Me too. Though Krug wouldn't have the link necessarily dissapear he'd have it look different, somehow indicating this is where you are. Though maybe not for the homepage. Which, I've just realised, is pretty much what JayCee is saying.

(edited by: joshie76 at 6:23 pm (utc) on Mar. 20, 2002)

caine

6:23 pm on Mar 20, 2002 (gmt 0)

WebmasterWorld Senior Member 10+ Year Member



the major page referencing link is usually pictures or company or site logo's with a url back to themselves, but i do think it is useful as a reference to where you are, on massive sites, and explains how you got there and how much information may exist from the link being tied into the content of the page in relation to the directory above holding alot more information on other topics associated to the original page request.

Trisha

9:23 pm on Mar 20, 2002 (gmt 0)

10+ Year Member



I'm still new here, but I have to say that I disgree with most on this thread. I like all the navigation links to be on each page of a site. I get kind of confused when going through a site and the links change as I go from page to page. Sometimes it is something I see from the corner of my eye, but am still aware that something in the navigation menu has changed.

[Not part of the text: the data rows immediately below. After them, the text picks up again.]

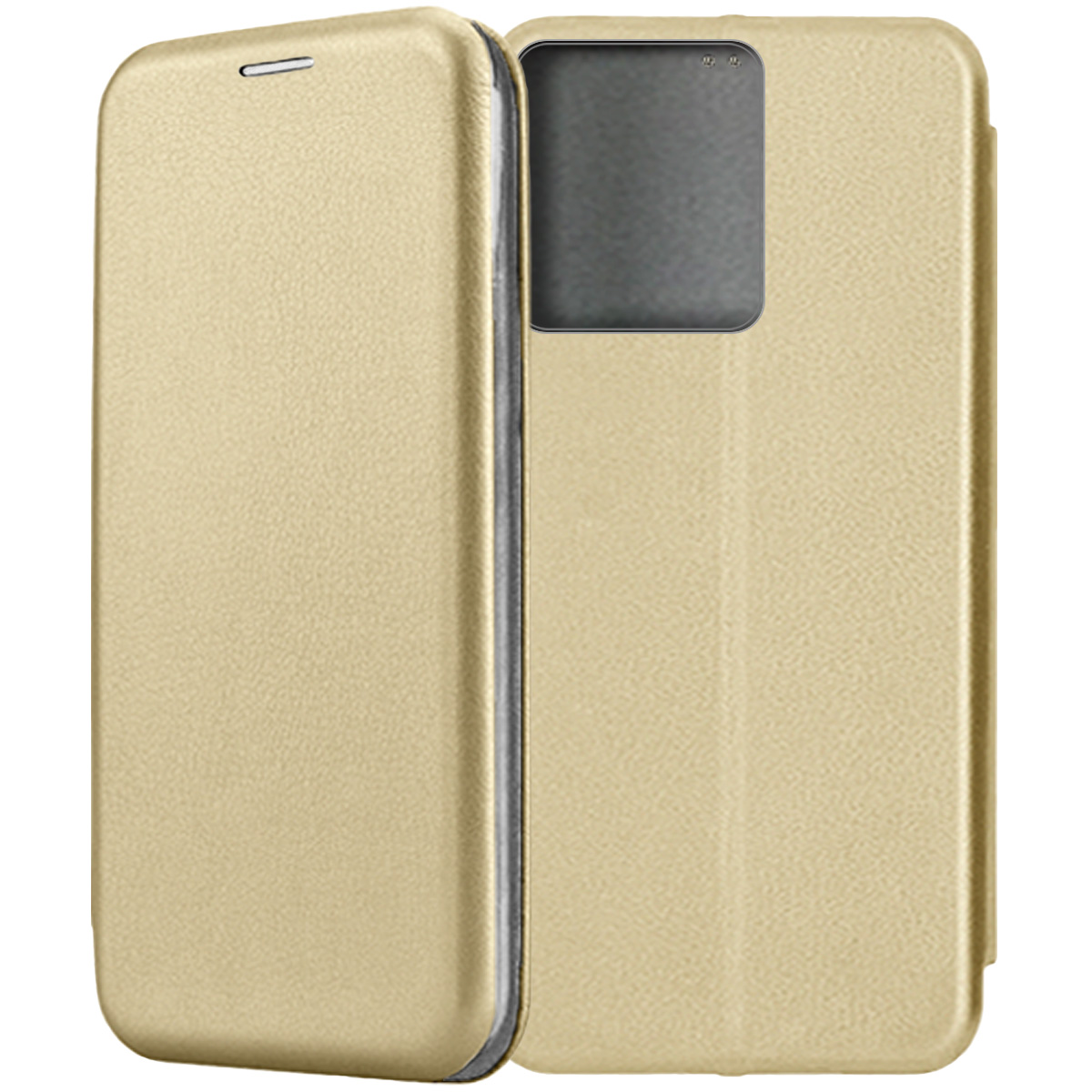 Чехол-книжка Fashion Case золотистого цвета для смартфона VIVO Y35 с твердой магнитной 3D обложкой и силиконовой прозрачной вставкой внутри легко трансформируется в удобную подставку, имеет отделение для карт.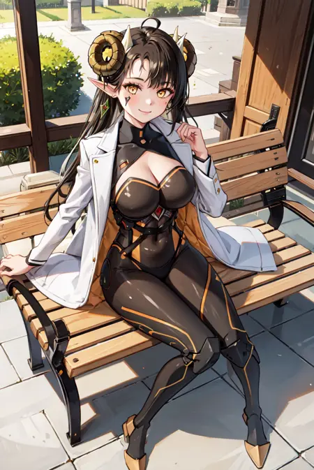 Tags: ccrosselle, cleavage cutout, open coat, bodysuit, earrings, jewelry, sheep horns
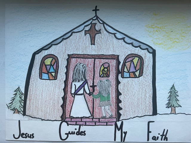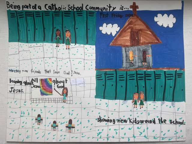 Students in grades K-3 were asked to submit artwork that addressed the question, “What does it mean to be a part of a Catholic school community? Students in grades 4-5, wrote essays on “How does your Catholic education help you to serve your community?” Students in grades 6-wrote essays on “How will you use your Catholic education to build your community?”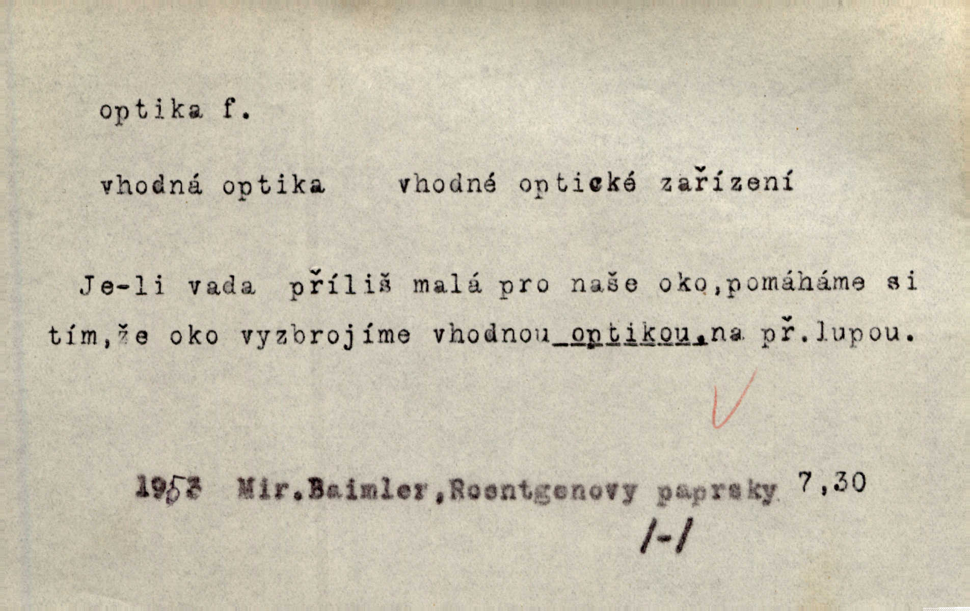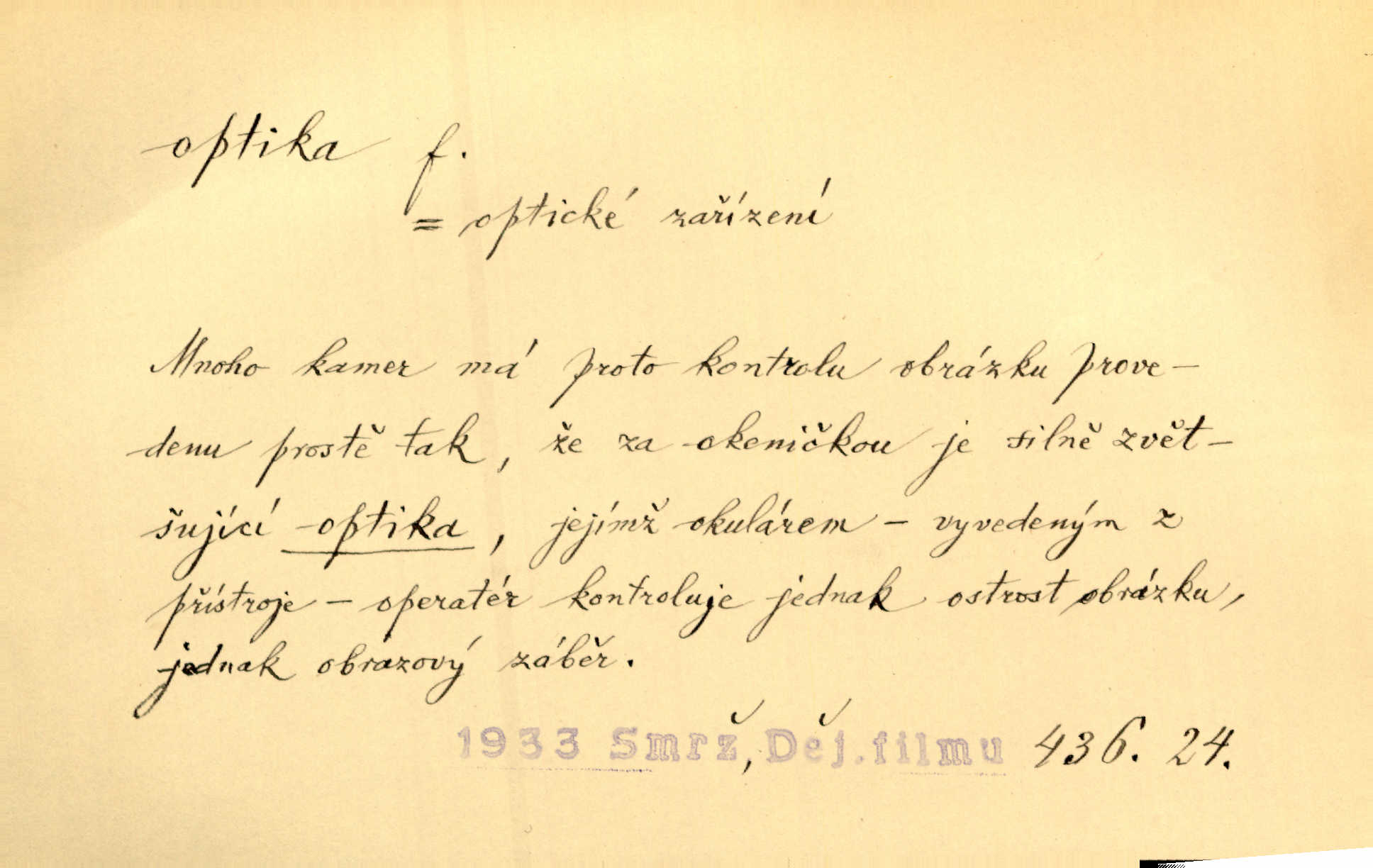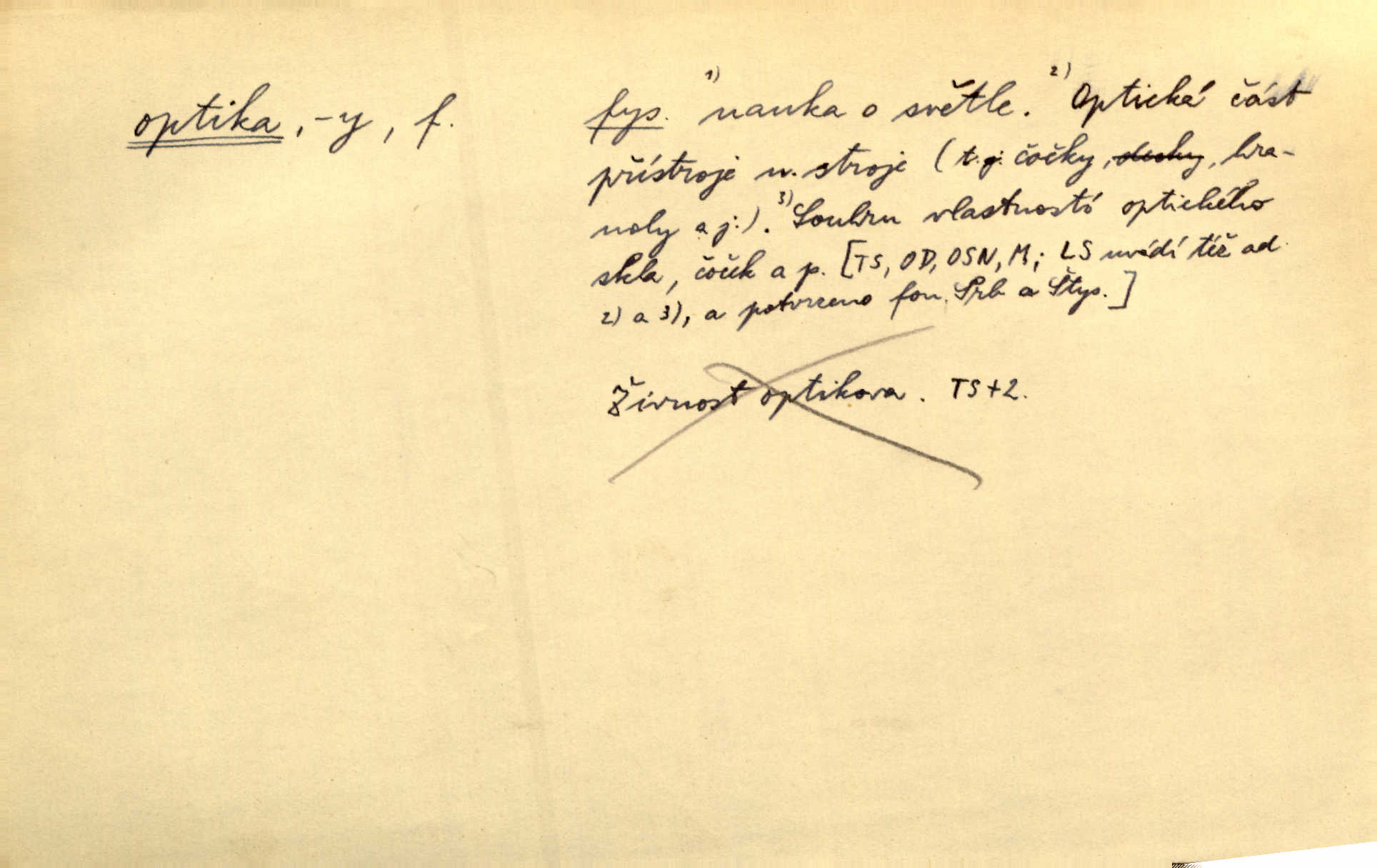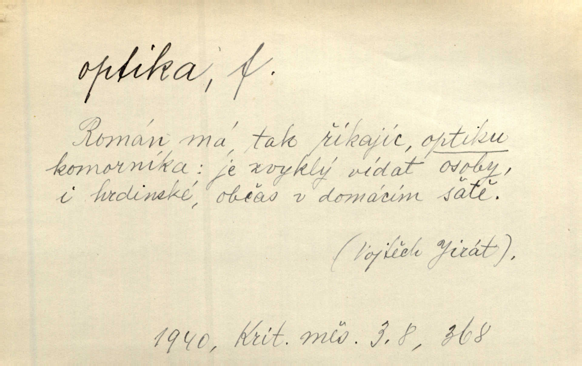 - optika, -y f. fys. nauka o světle; optická část přístroje n. stroje (čočky, hranoly a pod.); souhrn vlastností optického skla, čoček o pod. D schopnost nazírání, posuzování. Jeho [Nezvalova] optika je v této studii časné mladosti nesrovnatelně složitější než i nadprůměrný rozhled sebevyspělejšího dítěte. Sez. Každé umění se absolutností své optiky ocítá v nejtěsnější blízkosti náboženství. Panor. Jejich [nakladatelů] programová slabost je neuchránila před skreslenou optikou kamarádského pařížsko-pražského souručenství. Přít.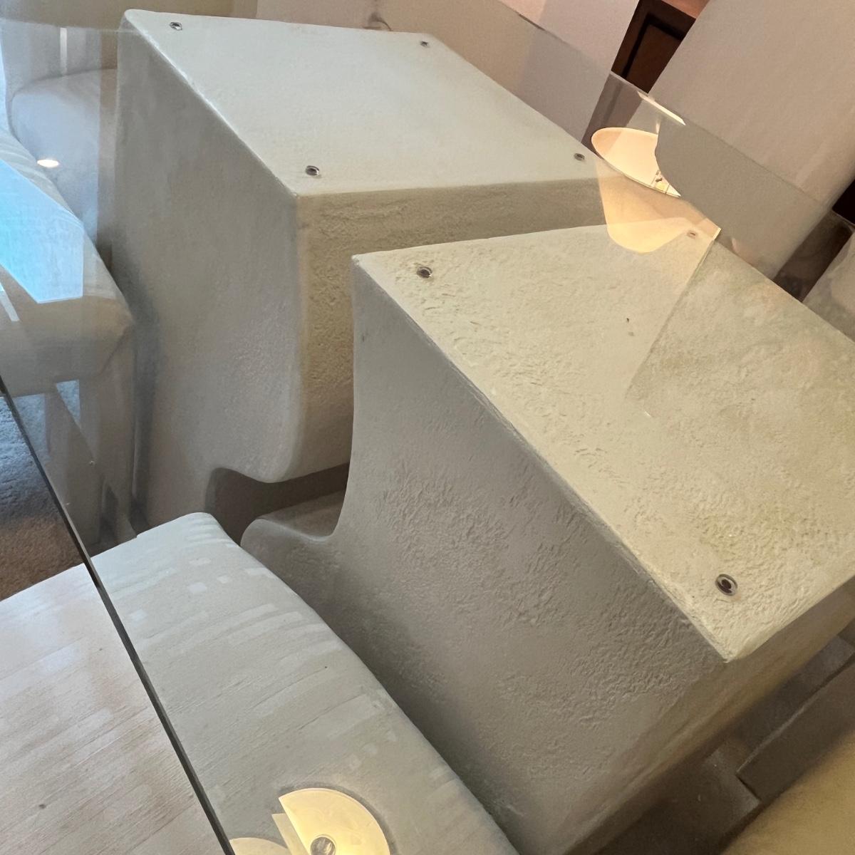 Stucco pillars, glass top w/ 6 padded chairs. Upholstery needs some attention.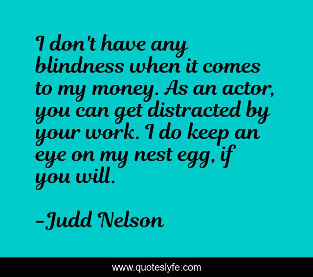 This page presents the quote "I don't have any blindness when it comes to my money. As an actor, you can get distracted by your work. I do keep an eye on my nest egg, if you will.". Author of this quote is Judd Nelson. This quote is about work, eye,.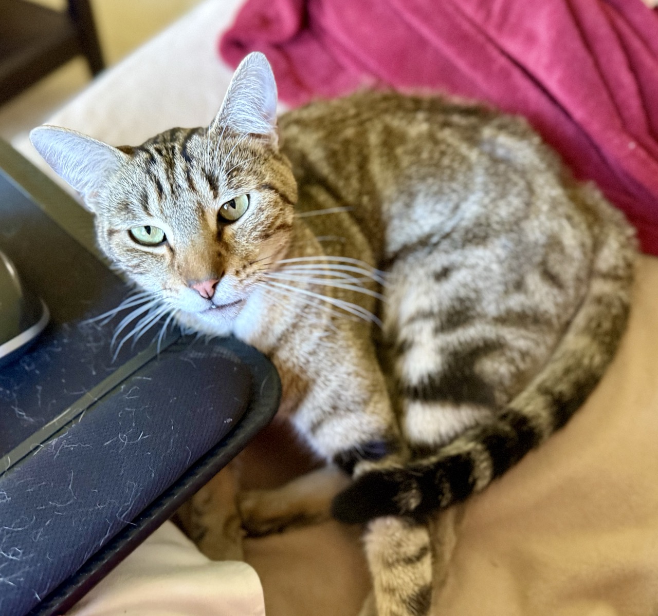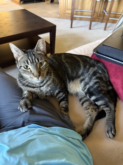I’m Kirk, a 3 year old black and brown tabby. I love to play, climb and explore (is that an open closet door…?), and wrestle with my little brother. I love being with my people too. I’m never far away so I don’t miss out on my head rubs. I’m not wild about strangers but you’ll always find me near you, next to you, or on your laptop.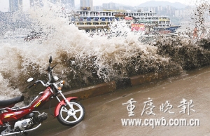 昨下午2時,朝天門六碼頭,岸邊玩耍的市民突然遭遇兩米多高的巨浪襲擊。因躲閃不及,好幾位市民濕身。正在浮船上作業(yè)的水手也隨浮船被巨浪抬起半米多高,浮船險些失控。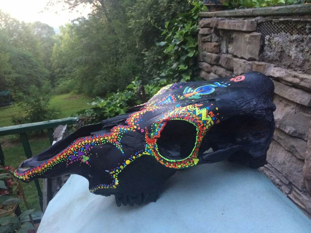 Hand painted Day of the Dead cow skull created very meticulously with the intention of pateince.

I use it for more than just clicking on the links too. It serves as sort of mini site organization map, it doesn't make sense to me to have one of the links disappear on each time I go to a different page.

caine

9:28 pm on Mar 20, 2002 (gmt 0)

WebmasterWorld Senior Member 10+ Year Member



Trisha,

there is no problem with your idea, if the site is very shallow, but if your looking at intensive keyword structures to maximise revenues, then sites, get massive and have to be sectioned off. This is called theming.